Because the programming language models are compatible, it would be possible to adapt a CGI program to run under AWS Lambda. However, the reverse isn't necessarily true, since AWS Lambda also supports doing things that CGI doesn't, like servicing requests other than HTTP requests.

Saying that "serverless is just a marketing term for CGI" is wrong in a number of ways, and I really don't understand this point of contention. It is a return to a simpler CGI-like programming model, but it's pretty explicitly about the fact that you don't have to manage the server...

> PHP is great as a runtime, but it sucks as a language, so I didn't want to use it. Django in regular CGI would have been fine; I just didn't realize that was an option.

I'm starting to come back around to PHP. I can't argue against that it has some profound ugliness, but they've sincerely cleaned things up a lot and made life generally better. I like what they've done with PHP 7 and PHP 8 and think that it is totally suitable for simple one-off stuff. And, package management with composer seems straight-forward enough for me.

To be completely clear, I still haven't actually started a new project in PHP in over 15 years, but my opinion has gradually shifted and I fear I may see the day where I return.

I used to love Django, because I thought it was a very productive way to write apps. There are things that Django absolutely gets right, like the built-in admin panel; it's just amazing to have for a lot of things. That said, I've fallen off with Django and Python. Python may not have as butt-ugly as a past as PHP, but it has aged poorly for me. I feel like it is an easy language to write bugs in. Whereas most people agree that TypeScript is a big improvement for JavaScript development, I think many would argue that the juice just isn't worth the squeeze with gradual typing in Python, and I'd have to agree, I just feel like the type checking and ecosystem around it in Python just makes it not worth the effort. Surprisingly, PHP actually pulled ahead here, adding type annotations with some simple run-time checking, making it much easier to catch a lot of bugs that were once very common in PHP. Django has probably moved on and improved since I was last using it, but I definitely lost some of my appreciation for it. For one thing, while it has a decent ecosystem, it feels like that ecosystem is just constantly breaking. I recall running into so many issues migrating across Django versions, and dealing with things like static files. Things that really should be simple...

kragen 4 hours ago [-]

I appreciate the notes on the different nuances of "serverless".
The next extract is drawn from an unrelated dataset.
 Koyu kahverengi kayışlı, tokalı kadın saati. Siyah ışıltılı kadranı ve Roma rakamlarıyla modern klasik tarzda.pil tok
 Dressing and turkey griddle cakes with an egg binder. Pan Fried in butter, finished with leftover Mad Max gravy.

I think you might not be very familiar with how people typically used CGI in the 01990s and 02000s, because you say "[serverless] is a return to a simpler CGI-like programming model, but it's pretty explicitly about the fact that you don't have to manage the server..." when that was the main reason to use CGI rather than something custom at the time; you could use a server that someone else managed. But you seem to think it was a difference rather than a similarity.

Why do you suppose we were running our CGI scripts under NCSA httpd before Apache came out? It wasn't because the HTTP protocol was super complicated to implement. I mean, CGI is a pretty thin layer over HTTP! But you can implement even HTTP/1.1 in an afternoon. It was because the guys in the computer center had a server (machine) and we didn't. Not only didn't we have to manage the server; they wouldn't let us!
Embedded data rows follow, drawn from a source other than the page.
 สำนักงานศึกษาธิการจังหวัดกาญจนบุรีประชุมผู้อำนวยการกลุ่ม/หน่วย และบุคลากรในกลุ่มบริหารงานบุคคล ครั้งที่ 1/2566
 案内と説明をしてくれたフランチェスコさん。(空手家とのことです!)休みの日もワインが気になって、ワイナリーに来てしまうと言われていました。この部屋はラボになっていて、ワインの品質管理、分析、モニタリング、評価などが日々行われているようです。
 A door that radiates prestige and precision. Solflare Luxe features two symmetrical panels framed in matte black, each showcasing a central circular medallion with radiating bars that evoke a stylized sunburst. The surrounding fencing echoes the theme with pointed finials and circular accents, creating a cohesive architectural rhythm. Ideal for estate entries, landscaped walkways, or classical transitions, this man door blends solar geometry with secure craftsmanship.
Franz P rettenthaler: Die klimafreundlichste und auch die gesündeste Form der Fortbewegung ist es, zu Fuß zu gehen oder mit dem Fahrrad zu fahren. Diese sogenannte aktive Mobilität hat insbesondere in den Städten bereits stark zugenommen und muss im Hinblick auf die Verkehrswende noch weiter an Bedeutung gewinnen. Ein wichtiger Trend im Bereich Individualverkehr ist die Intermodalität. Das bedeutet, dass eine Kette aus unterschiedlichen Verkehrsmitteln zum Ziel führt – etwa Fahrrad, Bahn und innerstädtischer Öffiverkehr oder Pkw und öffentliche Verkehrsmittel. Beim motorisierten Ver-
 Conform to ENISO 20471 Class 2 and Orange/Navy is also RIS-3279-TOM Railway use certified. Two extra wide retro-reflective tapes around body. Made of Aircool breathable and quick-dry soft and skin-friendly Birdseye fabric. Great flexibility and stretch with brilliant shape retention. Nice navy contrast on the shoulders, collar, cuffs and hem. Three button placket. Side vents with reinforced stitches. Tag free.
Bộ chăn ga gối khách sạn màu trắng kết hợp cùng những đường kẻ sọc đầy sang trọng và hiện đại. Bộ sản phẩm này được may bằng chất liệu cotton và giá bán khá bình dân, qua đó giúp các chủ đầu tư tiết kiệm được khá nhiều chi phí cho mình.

As for Python, yeah, I'm pretty disenchanted with Python right now too, precisely because the whole Python ecosystem is just constantly breaking. And static files are kind of a problem for Django; it's optimized for serving them from a separate server.

p2detar 7 hours ago [-]

For smaller things, and I mean single-script stuff, I pretty much always use php-fpm. It’s fast, it scales, it’s low effort to run on a VPS. Shipped a side-project with a couple of PHP scripts a couple of years ago. It works to this day.

jchw 7 hours ago [-]

php-fpm does work surprisingly well. Though, on the other hand, traditional PHP using php-fpm kinda does follow the CGI model of executing stuff in the document root.

UK-Al05 6 hours ago [-]

It's very unix. A single process executable to handle a request then shuts down.

9rx 6 hours ago [-]

I suppose because they can. While there were other good reasons leave CGI behind, performance was really the only reason it got left behind. Now that performance isn't the same concern it once was...

monkeyelite 6 hours ago [-]

Think about all the problems associated with process life cycle - is a process stalled? How often should I restart a crashed process? Why is that process using so much memory? How should my process count change with demand? All of those go away when the lifecycle is tied to the request.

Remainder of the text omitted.